Re: [PATCH v3 2/6] exit: Put an upper limit on how often we can oops

From: SeongJae Park
Date: Thu Jan 19 2023 - 23:29:04 EST


Hello,

On Thu, 17 Nov 2022 15:43:22 -0800 Kees Cook <keescook@xxxxxxxxxxxx> wrote:

> From: Jann Horn <jannh@xxxxxxxxxx>
>
> Many Linux systems are configured to not panic on oops; but allowing an
> attacker to oops the system **really** often can make even bugs that look
> completely unexploitable exploitable (like NULL dereferences and such) if
> each crash elevates a refcount by one or a lock is taken in read mode, and
> this causes a counter to eventually overflow.
>
> The most interesting counters for this are 32 bits wide (like open-coded
> refcounts that don't use refcount_t). (The ldsem reader count on 32-bit
> platforms is just 16 bits, but probably nobody cares about 32-bit platforms
> that much nowadays.)
>
> So let's panic the system if the kernel is constantly oopsing.
>
> The speed of oopsing 2^32 times probably depends on several factors, like
> how long the stack trace is and which unwinder you're using; an empirically
> important one is whether your console is showing a graphical environment or
> a text console that oopses will be printed to.
> In a quick single-threaded benchmark, it looks like oopsing in a vfork()
> child with a very short stack trace only takes ~510 microseconds per run
> when a graphical console is active; but switching to a text console that
> oopses are printed to slows it down around 87x, to ~45 milliseconds per
> run.
> (Adding more threads makes this faster, but the actual oops printing
> happens under &die_lock on x86, so you can maybe speed this up by a factor
> of around 2 and then any further improvement gets eaten up by lock
> contention.)
>
> It looks like it would take around 8-12 days to overflow a 32-bit counter
> with repeated oopsing on a multi-core X86 system running a graphical
> environment; both me (in an X86 VM) and Seth (with a distro kernel on
> normal hardware in a standard configuration) got numbers in that ballpark.
>
> 12 days aren't *that* short on a desktop system, and you'd likely need much
> longer on a typical server system (assuming that people don't run graphical
> desktop environments on their servers), and this is a *very* noisy and
> violent approach to exploiting the kernel; and it also seems to take orders
> of magnitude longer on some machines, probably because stuff like EFI
> pstore will slow it down a ton if that's active.

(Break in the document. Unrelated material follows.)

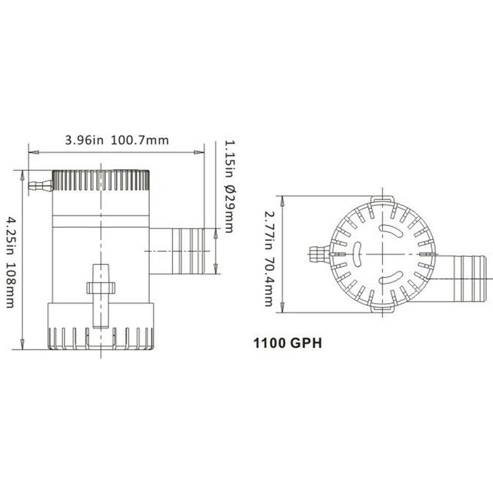 12V 1100GPH DC Marine Bilge Pump Submersible
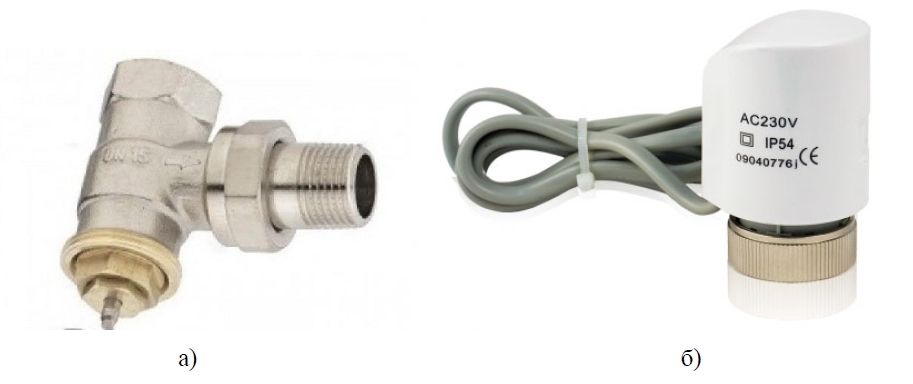В качестве исполнительного механизма для ограничения потока тепла изначально был установлен обычный кран, который не позволяет подключиться к автоматическому терморегулятору. Для решения этой проблемы ручной вентиль был заменен на клапан (рисунок 5а), который будет применяться совместно с сервоприводом (рисунок 5б). Сервопривод такого типа осуществляет бесшумное управление (в отличие от моторизированный вентилей) за счет встроенного нагревателя и работающего по принципу расширения от нагрева с последующим давлением на клапан. Время открытия/закрытия лежит в пределах 3–5 минут.

I found a blog article[1] recommending LTS kernels to backport this as below.

While this patch is already upstream, it is important that distributed
kernels also inherit this oops limit and backport it to LTS releases if we
want to avoid treating such null-dereference bugs as full-fledged security
issues in the future.

Do you have a plan to backport this into upstream LTS kernels?

[1] https://googleprojectzero.blogspot.com/2023/01/exploiting-null-dereferences-in-linux.html


Thanks,
SJ

>
> Signed-off-by: Jann Horn <jannh@xxxxxxxxxx>
> Link: https://lore.kernel.org/r/20221107201317.324457-1-jannh@xxxxxxxxxx
> Reviewed-by: Luis Chamberlain <mcgrof@xxxxxxxxxx>
> Signed-off-by: Kees Cook <keescook@xxxxxxxxxxxx>